The Casa Nacional de la Moneda de Bolivia in Potosi is an imposing building. From the moment you see the huge wooden doors, complete with large metal studs, you know it is anything but ordinary. The whole building is constructed like a fortress, for this was the mint established by the Spanish to process the silver they were ripping out of the mines in the Cerro Rico (Rich Mountain). Silver which made Potosi famous and Spain rich.
Founded in 1759 to replace to the original sixteenth-century mint, the Casa de la Moneda continued to function as a mint until 1951. Today it is an excellent museum telling the story of the mint and, more poignantly, the history of the destructive force of Spanish greed on the peoples of the Andes. Potosi held the largest silver deposits in the known world, and its discovery in the 1540’s was a godsend for the Spanish and an unmitigated disaster for the entire Andean highlands.
The wealth of the silver mines in Potosi was legendary in sixteenth- and seventeenth-century Europe, so much so that the saying ‘to be worth a Potosi’, meaning to be worth a fortune, was in common usage. This was the silver the Spanish shipped across the Atlantic from the equally legendary Spanish Maine, where English privateers (pirates) in the employ of the English Crown preyed upon Spanish silver galleons.
While that part of the history of Potosi is still being glamourised by Hollywood in the Pirates of the Caribbean franchise, there is a much darker and more terrible history that remains largely untold.

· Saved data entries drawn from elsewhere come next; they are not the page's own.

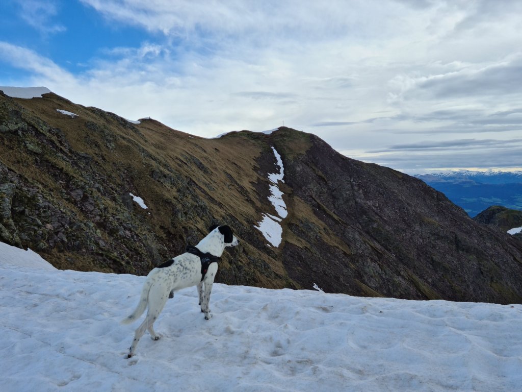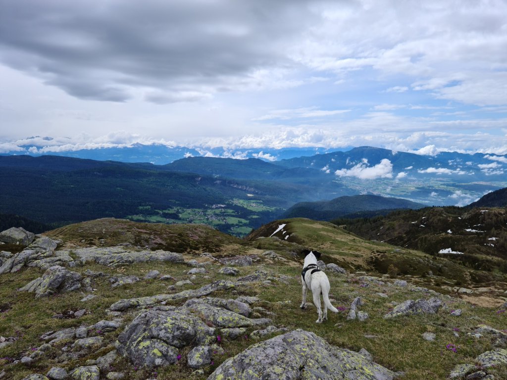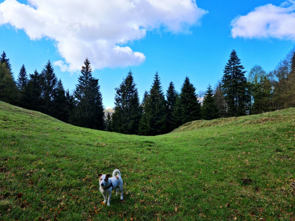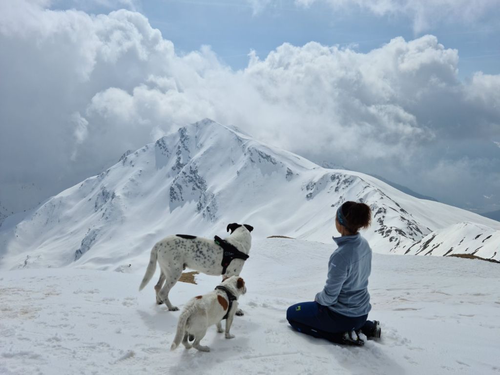 Bruno sul sentiero, davanti alle montagne che ogni giorno ci ricordano cosa significa respirare davvero. 🌿🐾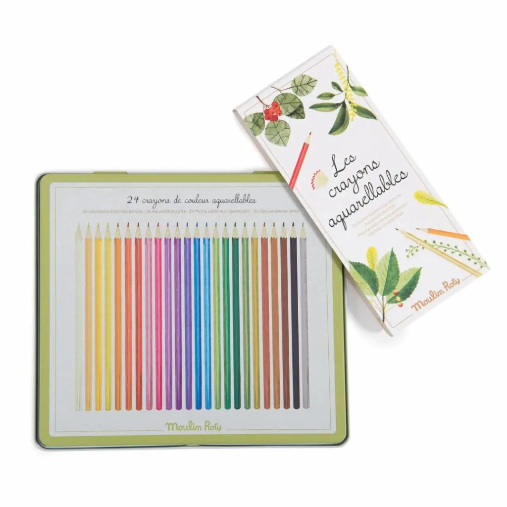 Ces crayons aux couleurs vives peuvent être utilisés de façon classique ou en les trempant dans l’eau pour obtenir un effet aquarelle.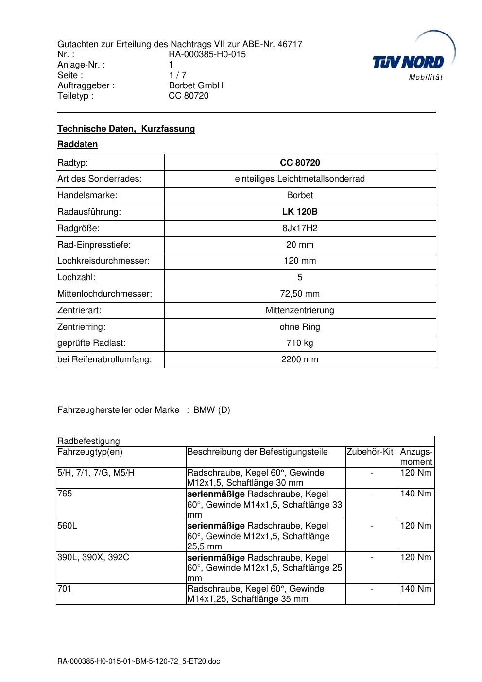 Dieses Gutachten (abe) bezieht sich auf die Alufelge brand-borbet CC 80720 in der Ausführung 8Jx17 ET 0, Mittenloch 0 mm (KBA 46717). Im PDF findest du typischerweise zulässige Reifengrößen, Auflagen/Anbauhinweise und – je nach Dokument – Hinweise zur Eintragung.
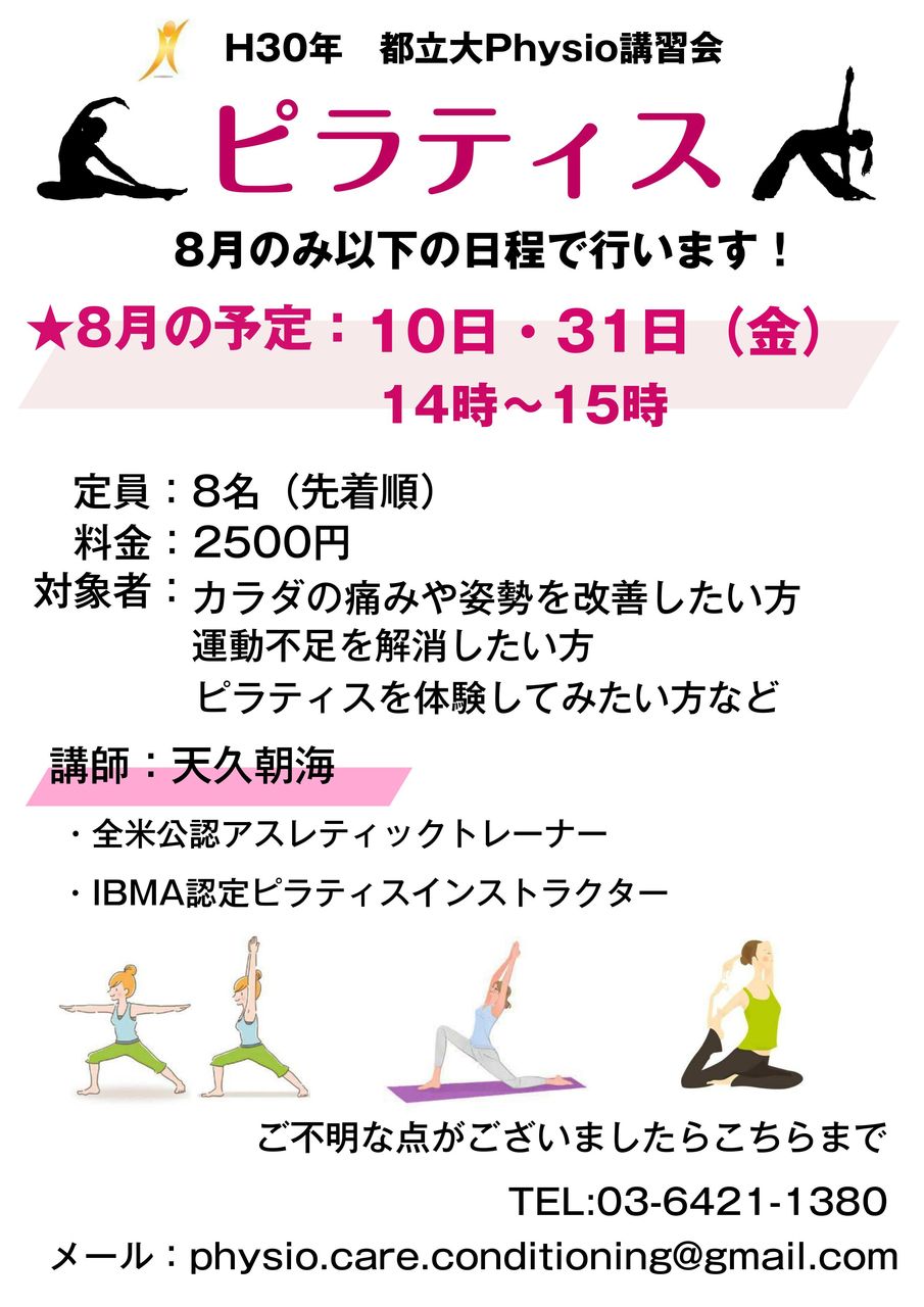 2018年07月21日 8月ピラティス 日程変更のお知らせ こんにちは!先日ご案内いたしました、8月のピラティスの日程が変更になりましたのでご案内いたします。8月のみ、以下の日程で行うことになりましたのでご確認のほど宜しくお願い致します。

The Spanish Crown, mine owners and religious orders grew rich over the three hundred years which followed the discovery of silver in Potosi, but this came at a terrible price in human suffering. The Spanish authorities pressed millions of indigenous Andean peoples into slavery to work in the mines.
So deadly were the working conditions of the mines the Spanish were forced to ship African slaves to Potosi to supplement the rapidly dwindling workforce. It is estimated that between eight and ten million people died in the appalling conditions in both silver and mercury mines or the processing industries. This genocide is as much the history of the Casa de la Moneda as the fascinating history of the mint itself.
If the mines were deadly places to work, the mint itself wasn’t much better. People and animals were worked to death: a donkey had a life expectancy of only three or four months once it arrived in the mint. You can still see the marks in the floor where the donkeys walked endless circles powering the machines.
Today the museum also contains many original and copies of coins minted during colonial and Republican times. There are also numerous artworks and silver items that were created from the wealth of Potosi. The museum also contains this amazing treasure chest which was used to ship silver to Spain. The elaborate locking mechanism was designed to frustrate anyone who stole the chest.
So important were the silver mines of the Cerro Rico that religious art reflected this by incorporating both Christian symbols and pre-conquest religious imagery into artworks – unmistakable in both of these paintings is the shape of the Cerro Rico.
There is also a section of the museum given over to minerals, including this giant Bolivianite – a semi-precious stone of purple and yellow hues found only in Bolivia.
The museum is a must for anyone interested in the history of Bolivia, or wanting to know more about the colonisation of the region and its impact upon the indigenous population of the Andes, as well as the influence Potosi silver had in Europe. The one unexplained feature of the Casa de la Moneda is the odd looking sculpture that greets you on arrival: a giant grinning head surrounded by grapes called El Mascaron. While theories abound, no one other than Eugenio Moulon, the Frenchman who hung it there in 1865, really knows what its true meaning is…answers on a postcard please.